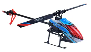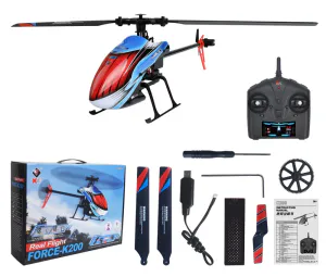 The WL K200 is a 4-channel RC helicopter designed for stable and controlled flight. It features a 6-axis gyroscope combined with air pressure altitude hold and optical flow positioning to support steady hovering performance. The model operates without ailerons, using a simplified control layout suitable for entry-level and intermediate users. One-key takeoff and landing functions are integrated for simplified operation. The helicopter includes hover debug mode for fine adjustment during flight. Optical flow positioning performs best in strong light conditions with clear ground patterns and low wind, at approximately 1.5 meters altitude. The flight control system includes dual receiver converter sockets: 5V compatible with S-BUS receivers (e.g., FUTABA) and 3V compatible with DSM receivers. The main motor uses a 050 brushed motor with heat sink, and the tail motor features a 1020 hollow cup motor with detachable plug design for easier replacement.
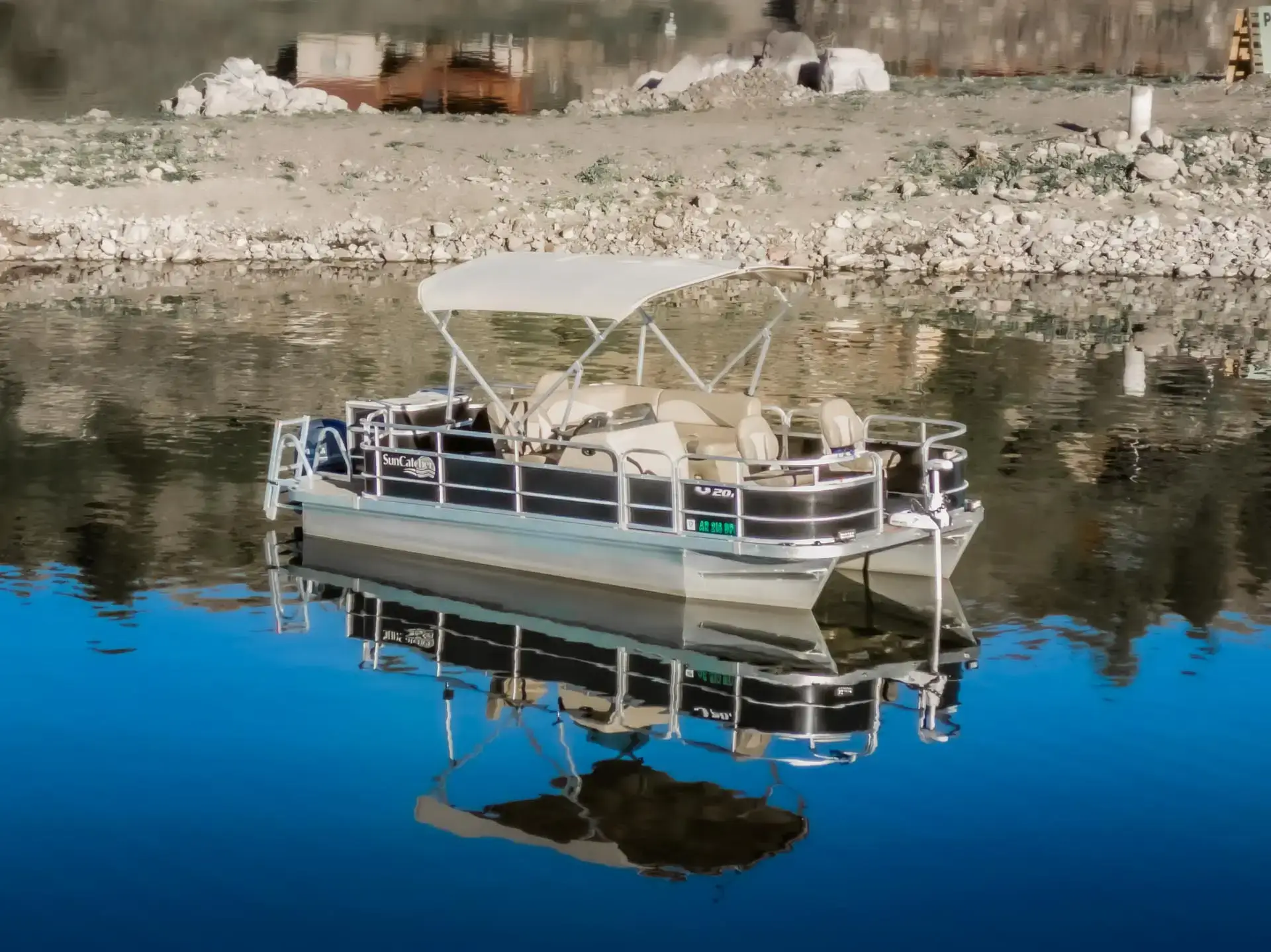 Gallery See What’s Waiting at the Dock Take a closer look at our fully-equipped fishing pontoons, ready and waiting for your next adventure on Panguitch Lake. These photos give you a clear view of the boats you'll be renting — no surprises, just solid setups. Like what you see? Let’s go! Book A Boat Rental
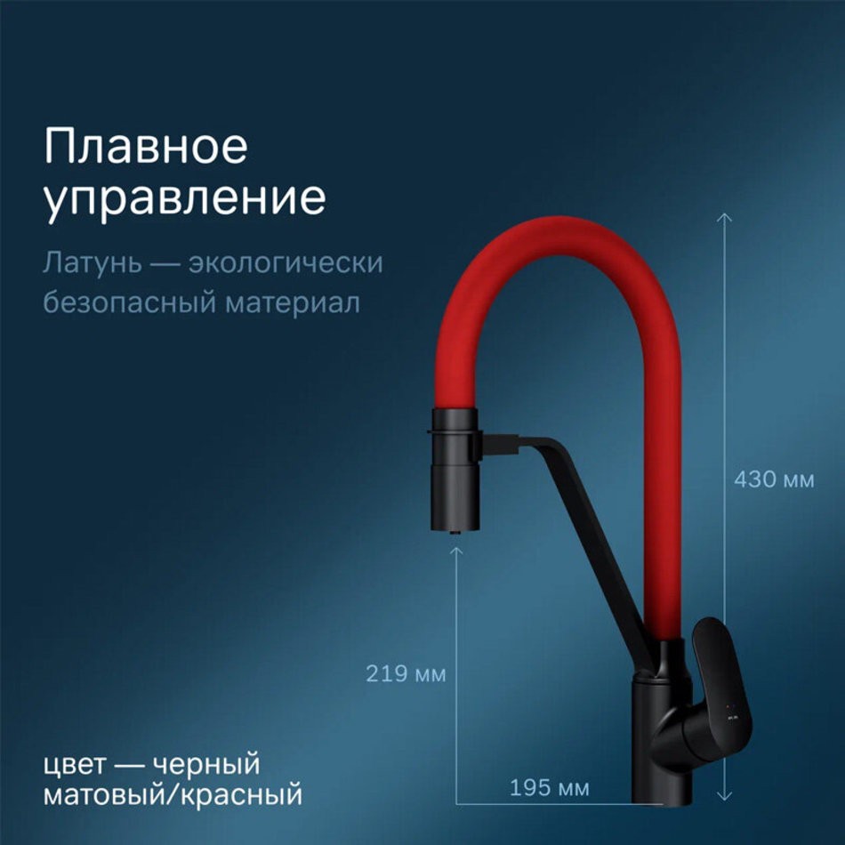 Эффектное сочетание цветов - матовый черный корпус смесителя и синий цвет излива станет ярким дизайнерким решенем на кухне.
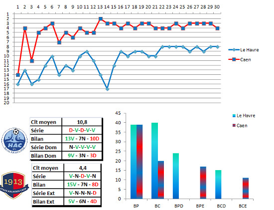 Duel normand à l’horizon. Des havrais sur une série impressionnante à domicile, qui leur a permis d’espérer à la montée, en cas de circonstances favorables. Circonstances à provoquer puisque la réception du 4ème constitue un vrai test. Et ce pour les 2 équipes, qui vont devoir montrer si elles ont suffisamment de tripes pour passer à l’échelon supérieur. Un nul, sans être catastrophique, ne satisferait aucune des 2 équipes avec d’un côté le retard havrais, et de l’autre un calendrier de haute montagne pour les caennais : Lens, mais surtout Angers, Dijon, Monaco puis Nantes…
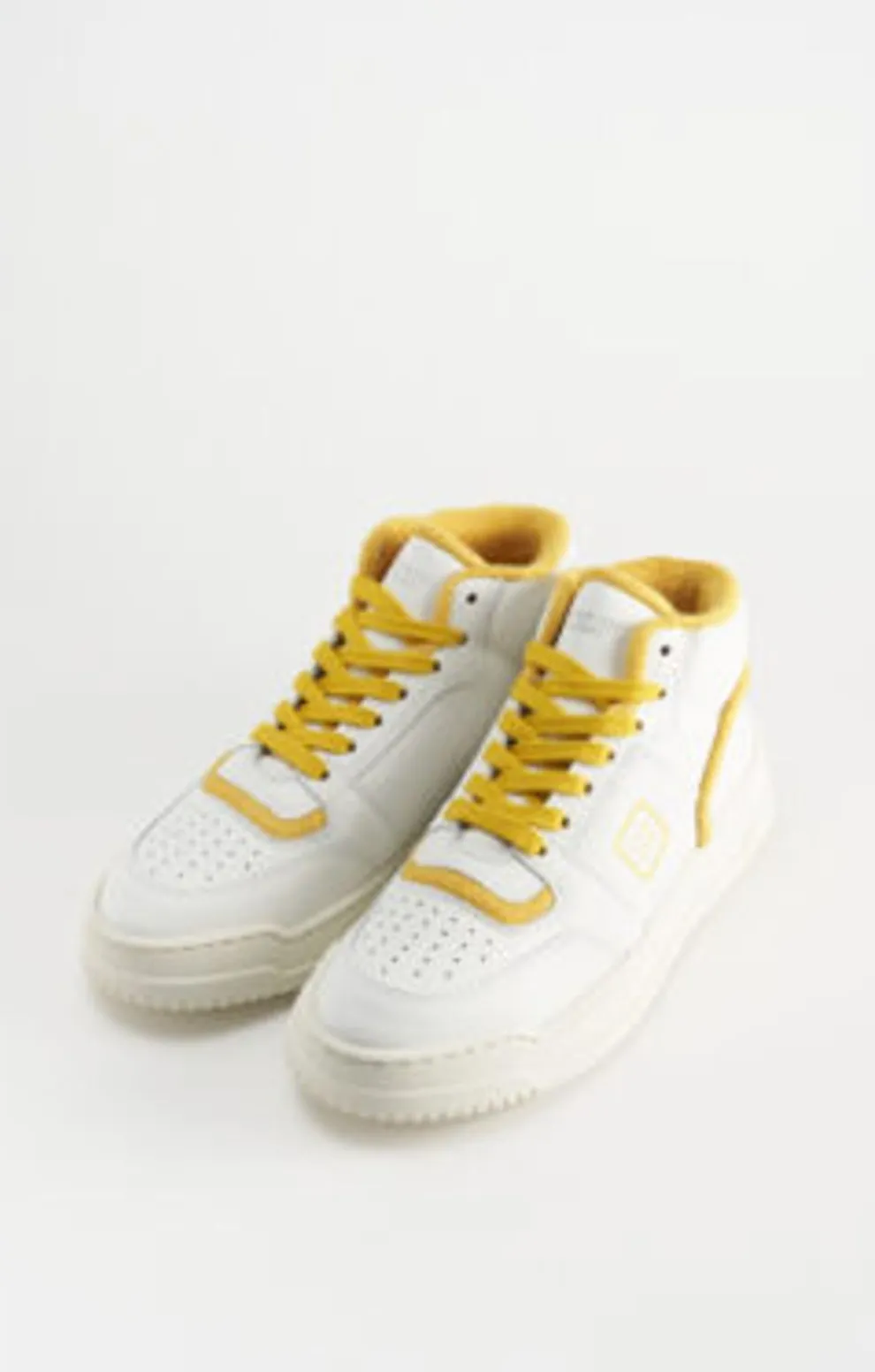 In Wit & Geel. Hoge Sneakers Gemaakt Van Glad Leer. Retrosilhouet. Gevoerde Schacht. Contrasterende Elementen Met Geborduurde Details En Kantpatronen. Logo-Statement In Reliëf Aan De Buitenkant. Vetersluiting Aan De Voorkant. Ronde Dop. Platte Gestructureerde Rubberen Zool. Een Expressieve Retrostijl Met Kleurrijke Accenten.Onze Schoenen Zijn Ontworpen In Kopenhagen En Vervaardigd In Europa. Het Leer Is Afkomstig Van Geselecteerde, Door Een Familie Gerunde Fabrieken In Italië.
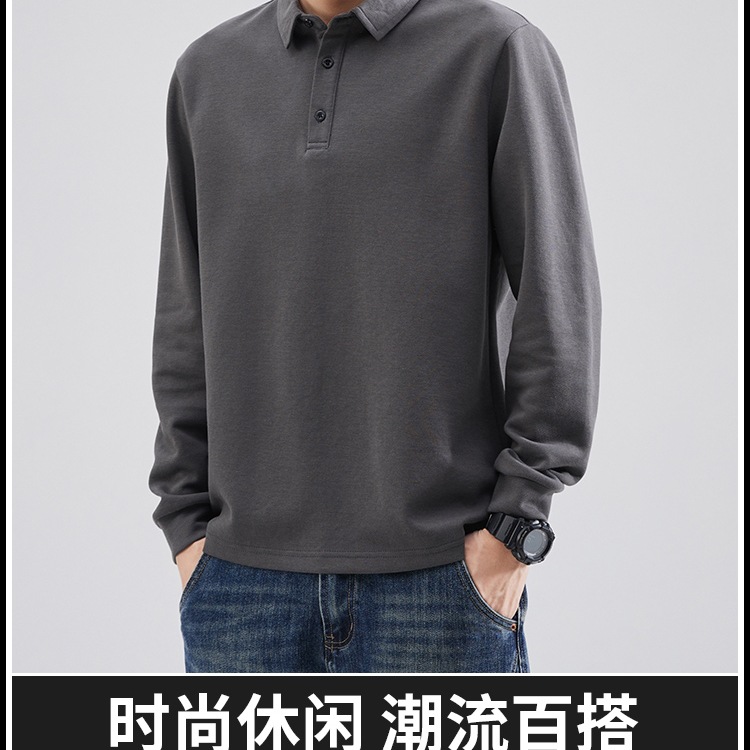 2025 春と秋の新長袖ポロシャツメンズラペル Tシャツ秋と冬のビジネス夏服カジュアルトップス
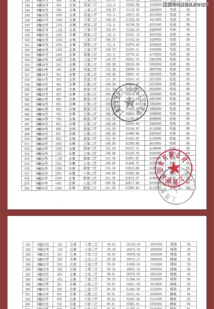 项目一房一价表
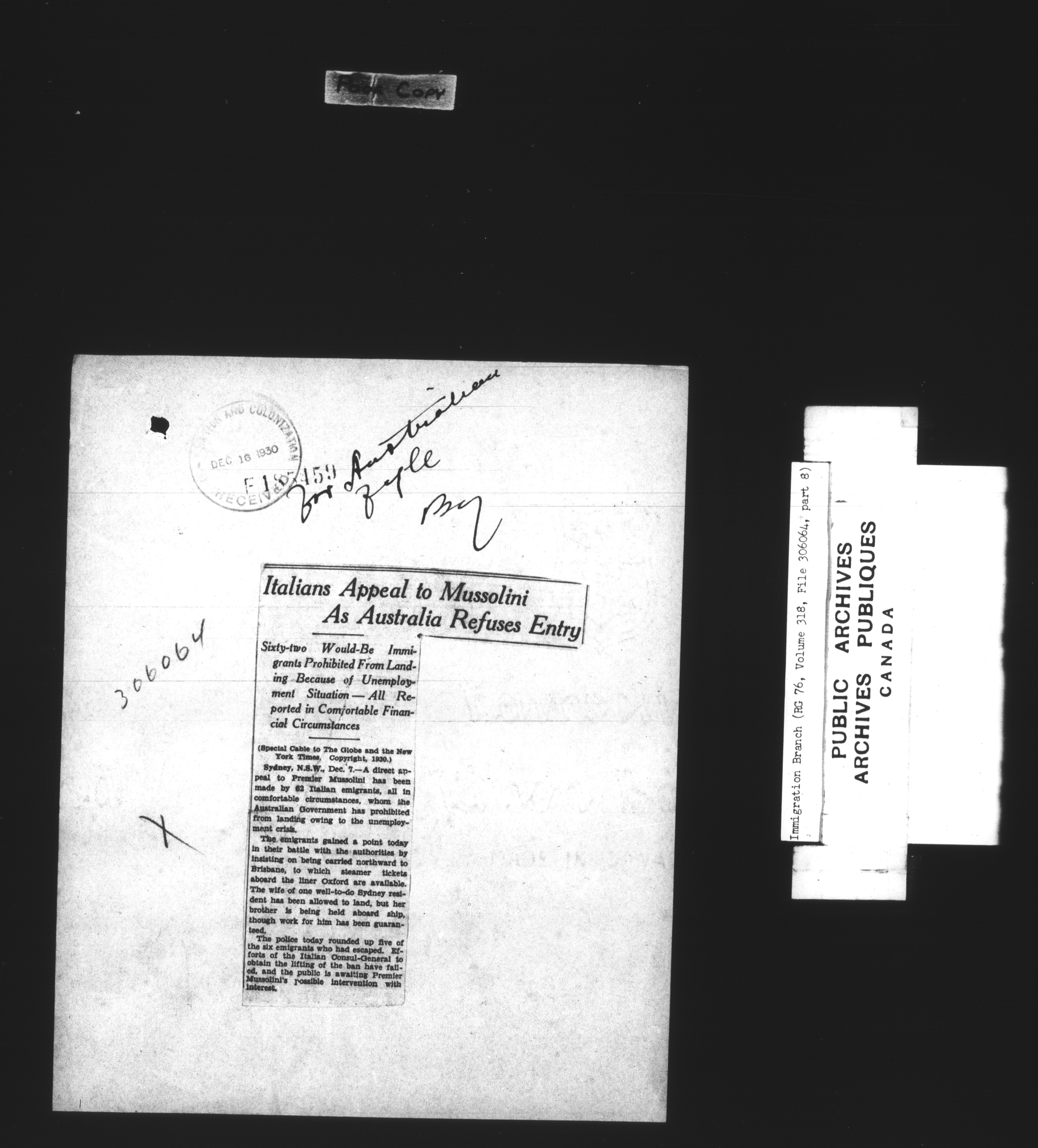 Subject, policy and case files in the First Central Registry series of the Immigration Program, 1892-1950 - 7869

> **YOUR INSTRUCTIONS**
Pictures stay out of the copy, while everything else in the records above goes in exactly as written.

> **RESPONSE TO THIS EXERCISE**
 The WL K200 is a 4-channel RC helicopter designed for stable and controlled flight. It features a 6-axis gyroscope combined with air pressure altitude hold and optical flow positioning to support steady hovering performance. The model operates without ailerons, using a simplified control layout suitable for entry-level and intermediate users. One-key takeoff and landing functions are integrated for simplified operation. The helicopter includes hover debug mode for fine adjustment during flight. Optical flow positioning performs best in strong light conditions with clear ground patterns and low wind, at approximately 1.5 meters altitude. The flight control system includes dual receiver converter sockets: 5V compatible with S-BUS receivers (e.g., FUTABA) and 3V compatible with DSM receivers. The main motor uses a 050 brushed motor with heat sink, and the tail motor features a 1020 hollow cup motor with detachable plug design for easier replacement.
 Gallery See What’s Waiting at the Dock Take a closer look at our fully-equipped fishing pontoons, ready and waiting for your next adventure on Panguitch Lake. These photos give you a clear view of the boats you'll be renting — no surprises, just solid setups. Like what you see? Let’s go! Book A Boat Rental
 Эффектное сочетание цветов - матовый черный корпус смесителя и синий цвет излива станет ярким дизайнерким решенем на кухне.
 Duel normand à l’horizon. Des havrais sur une série impressionnante à domicile, qui leur a permis d’espérer à la montée, en cas de circonstances favorables. Circonstances à provoquer puisque la réception du 4ème constitue un vrai test. Et ce pour les 2 équipes, qui vont devoir montrer si elles ont suffisamment de tripes pour passer à l’échelon supérieur. Un nul, sans être catastrophique, ne satisferait aucune des 2 équipes avec d’un côté le retard havrais, et de l’autre un calendrier de haute montagne pour les caennais : Lens, mais surtout Angers, Dijon, Monaco puis Nantes…
 In Wit & Geel. Hoge Sneakers Gemaakt Van Glad Leer. Retrosilhouet. Gevoerde Schacht. Contrasterende Elementen Met Geborduurde Details En Kantpatronen. Logo-Statement In Reliëf Aan De Buitenkant. Vetersluiting Aan De Voorkant. Ronde Dop. Platte Gestructureerde Rubberen Zool. Een Expressieve Retrostijl Met Kleurrijke Accenten.Onze Schoenen Zijn Ontworpen In Kopenhagen En Vervaardigd In Europa. Het Leer Is Afkomstig Van Geselecteerde, Door Een Familie Gerunde Fabrieken In Italië.
 2025 春と秋の新長袖ポロシャツメンズラペル Tシャツ秋と冬のビジネス夏服カジュアルトップス
 项目一房一价表
 Subject, policy and case files in the First Central Registry series of the Immigration Program, 1892-1950 - 7869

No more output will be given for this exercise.